Scientific classification
- Kingdom: Animalia
- Phylum: Mollusca
- Class: Gastropoda
- Order: Stylommatophora
- Informal group: Sigmurethra
- Family: Macrocyclidae
- Genus: Macrocyclis Beck, 1837
- Species: Macrocyclis peruvianus (Lamarck, 1822)

= Macrocyclis =

Genus of gastropods

Macrocyclis is a monotypic genus of large air-breathing land snails, terrestrial pulmonate gastropod mollusks in the family Macrocyclidae. The single living species in this genus is Macrocyclis peruvianus (Lamarck, 1822).

==Distribution==
Macrocyclis peruvianus is endemic to Chile and adjacent parts of Argentina.
In Chile this is the largest species of land snail and is found from the O'Higgins Region in the north to the Aysén Region in the south. It is more abundant in native forests of the coastal range of the Andean foothills, especially in Nothophagus, evergreen and mixed forests.

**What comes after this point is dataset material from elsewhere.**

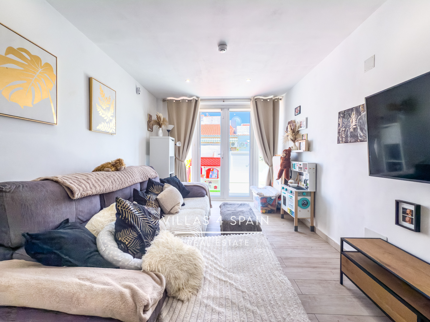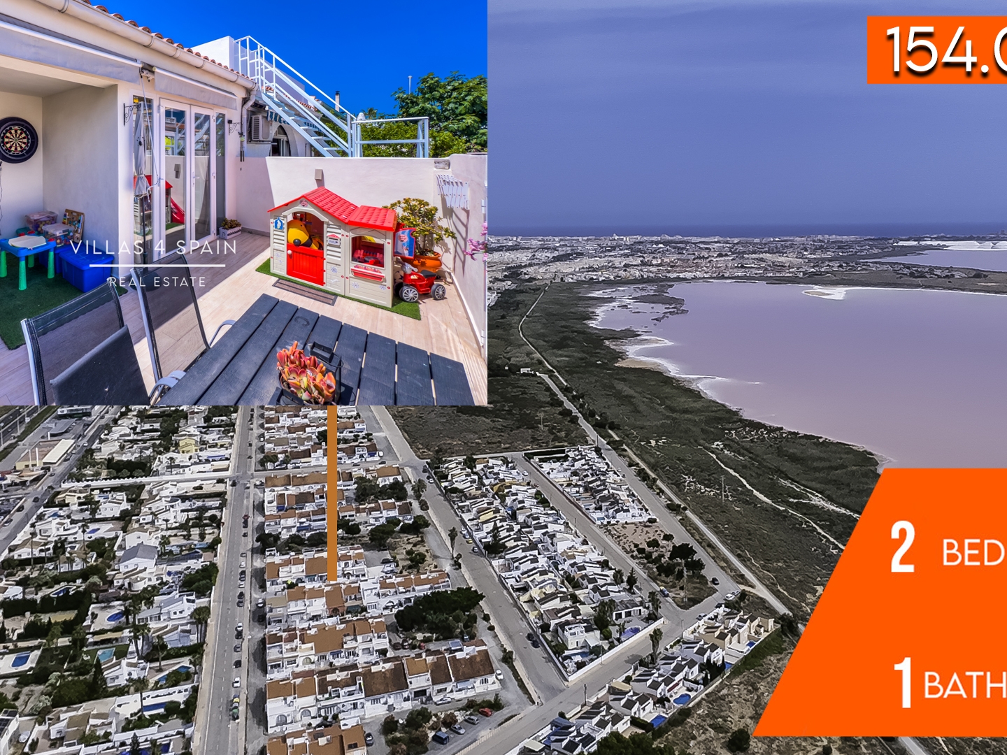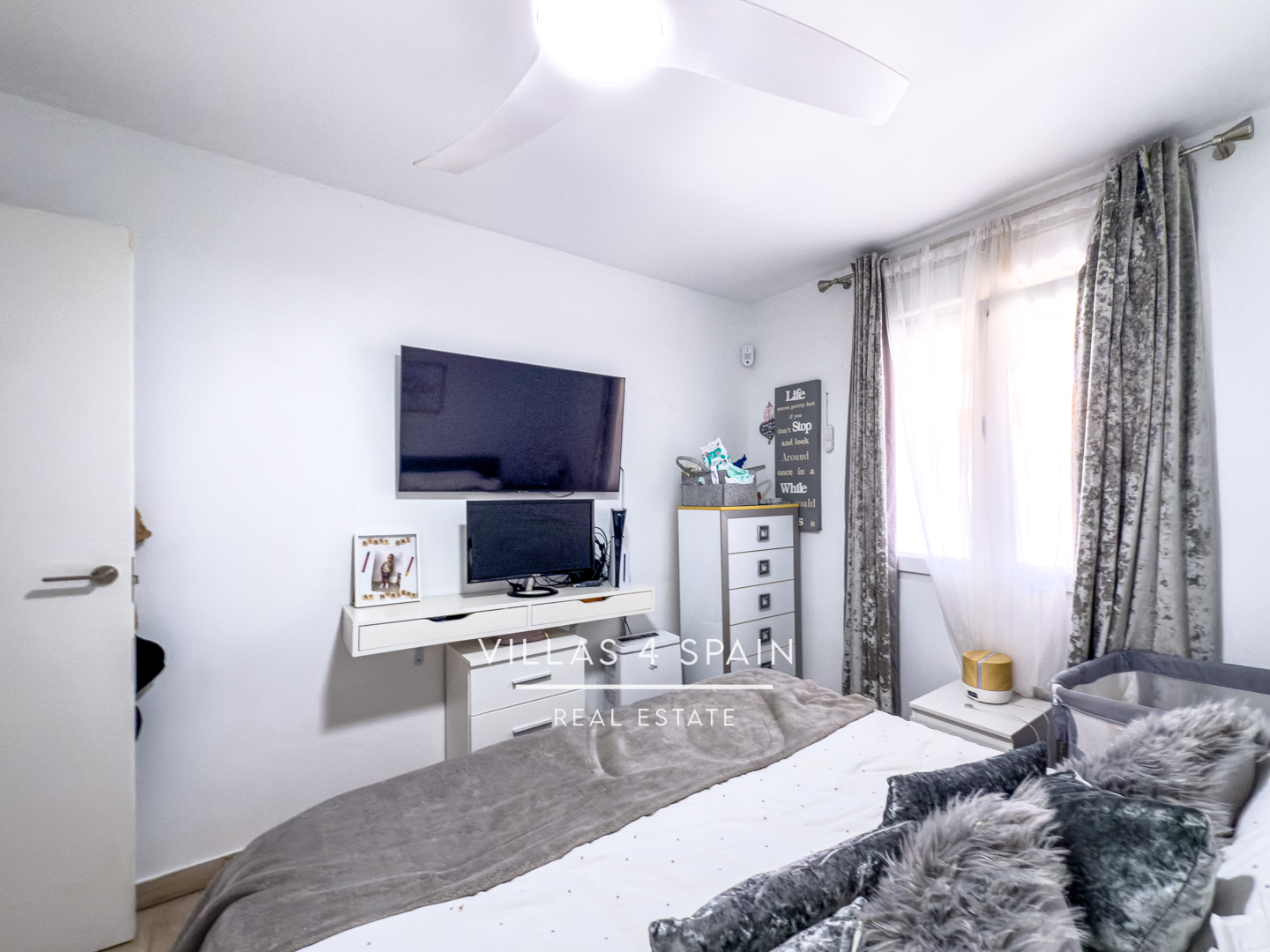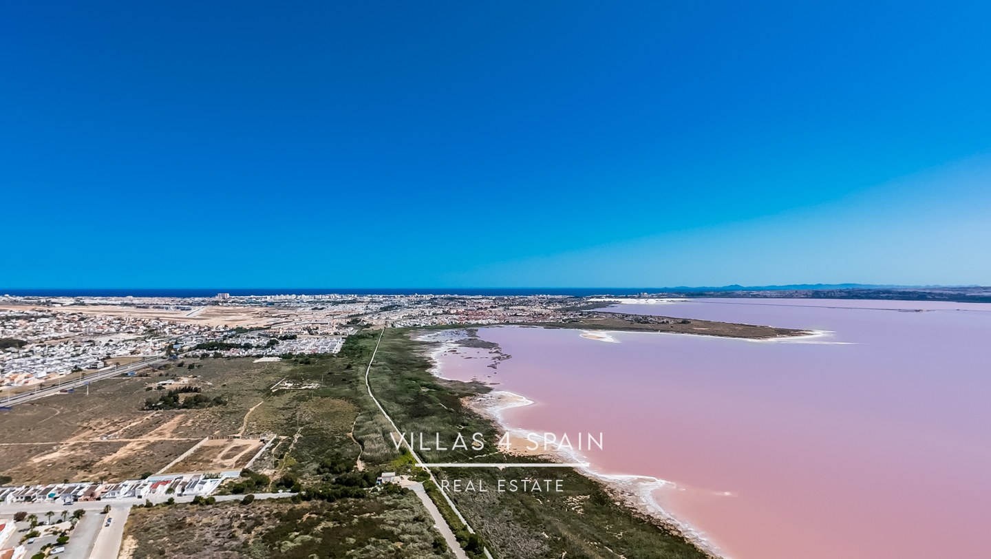 Hallen leder till ett sovrum med inbyggda garderober, ett elegant, helrenoverat badrum med skjutdörr och ett rymligt andra sovrum med dubbelsäng. Beläget bara 2 minuters promenad från en lokal stormarknad och omgivet av en mängd olika barer och restauranger, har detta hem ett perfekt läge för bekvämlighet. De hisnande stränderna på Costa Blanca ligger bara 10 minuters bilresa bort, medan den ikoniska rosa saltsjön, perfekt för kvällspromenader eller solnedgångsutsikt, ligger bara 3 minuters promenad bort.

However, it can also occur in plantations, sclerophyllous and hygrophyllous forests.
==Description==

Macrocylis peruvianus is a large snail with a shiny black body and a reddish-brown shell formed by a depressed, short spire with up to 60 mm in diameter formed by 4.5 to 5 whorls that rapidly increase in size. The aperture is ovate and its lip is overturned and widened at the bottom.

==Ecology==
In its native range, M. peruvianus inhabits the leaf litter in areas rich in ferns, mosses, decaying wood and with a strong understory. Its diet is still poorly known, but it is known to include several mushroom species and other snails. One of its main predators is the land planarian Polycladus gayi.